What the exercise asks: Provide an exact copy of the data, excluding the images.

The data:

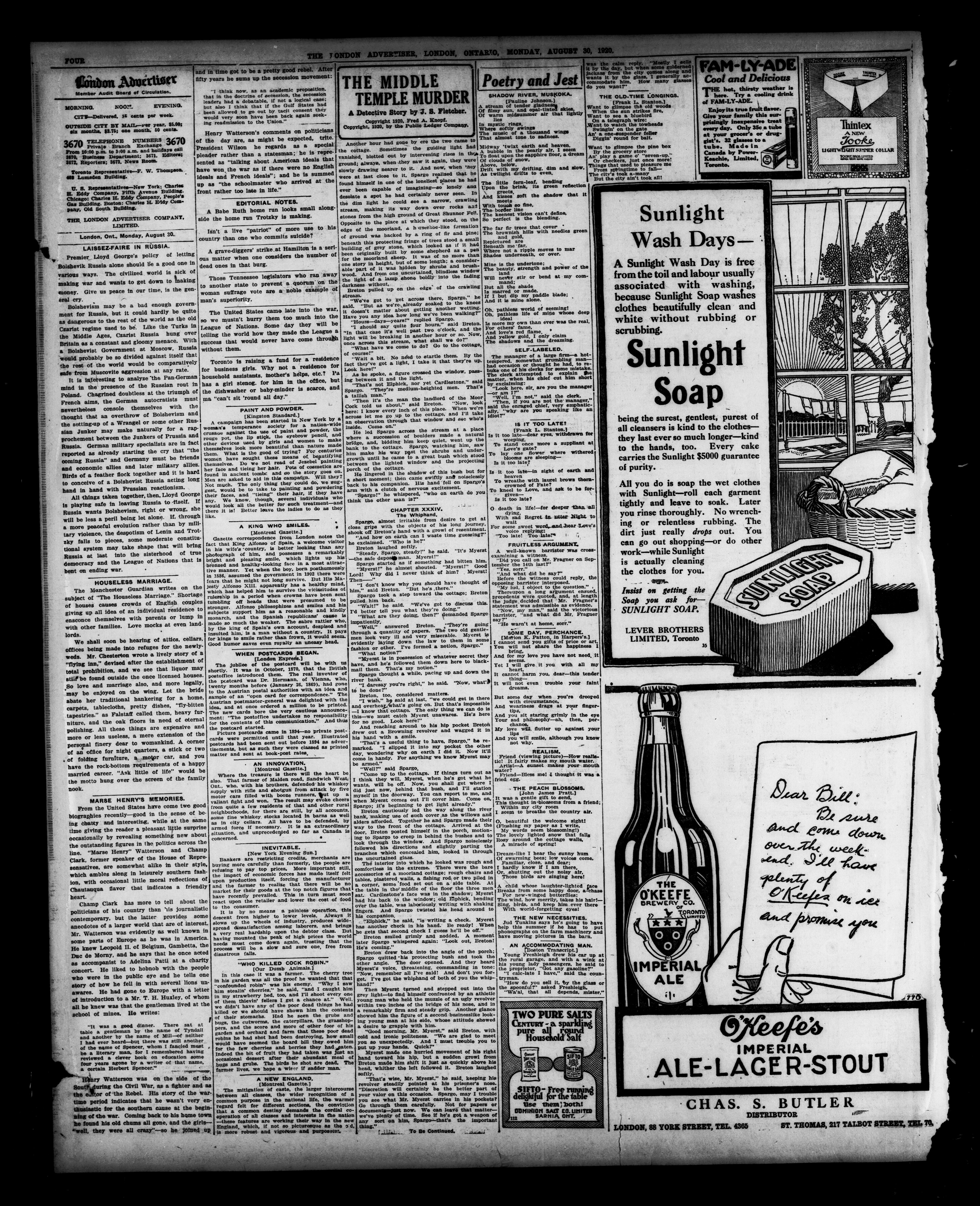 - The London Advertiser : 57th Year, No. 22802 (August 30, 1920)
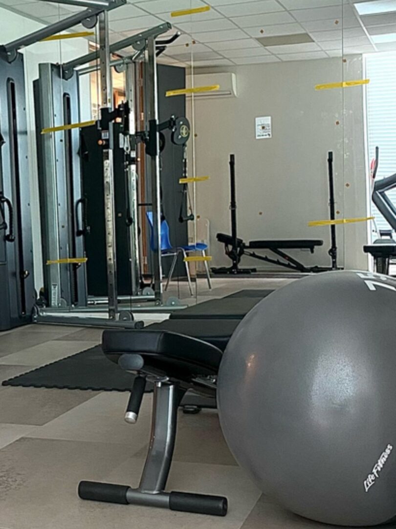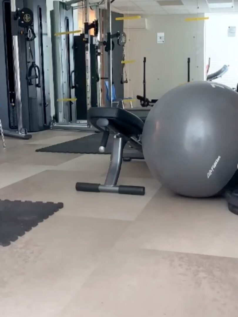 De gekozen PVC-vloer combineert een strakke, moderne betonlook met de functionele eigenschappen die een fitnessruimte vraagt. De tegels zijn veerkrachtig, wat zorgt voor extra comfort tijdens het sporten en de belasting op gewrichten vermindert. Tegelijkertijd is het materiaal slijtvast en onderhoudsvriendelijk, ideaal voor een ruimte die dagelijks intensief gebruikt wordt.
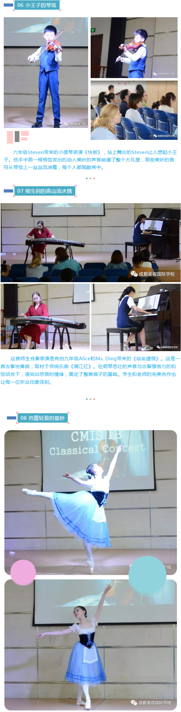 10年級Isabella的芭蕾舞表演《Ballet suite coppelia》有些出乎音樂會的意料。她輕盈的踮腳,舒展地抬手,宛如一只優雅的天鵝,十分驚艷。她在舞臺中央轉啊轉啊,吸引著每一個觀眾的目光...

Task result:
 - The London Advertiser : 57th Year, No. 22802 (August 30, 1920)
 De gekozen PVC-vloer combineert een strakke, moderne betonlook met de functionele eigenschappen die een fitnessruimte vraagt. De tegels zijn veerkrachtig, wat zorgt voor extra comfort tijdens het sporten en de belasting op gewrichten vermindert. Tegelijkertijd is het materiaal slijtvast en onderhoudsvriendelijk, ideaal voor een ruimte die dagelijks intensief gebruikt wordt.
 10年級Isabella的芭蕾舞表演《Ballet suite coppelia》有些出乎音樂會的意料。她輕盈的踮腳,舒展地抬手,宛如一只優雅的天鵝,十分驚艷。她在舞臺中央轉啊轉啊,吸引著每一個觀眾的目光...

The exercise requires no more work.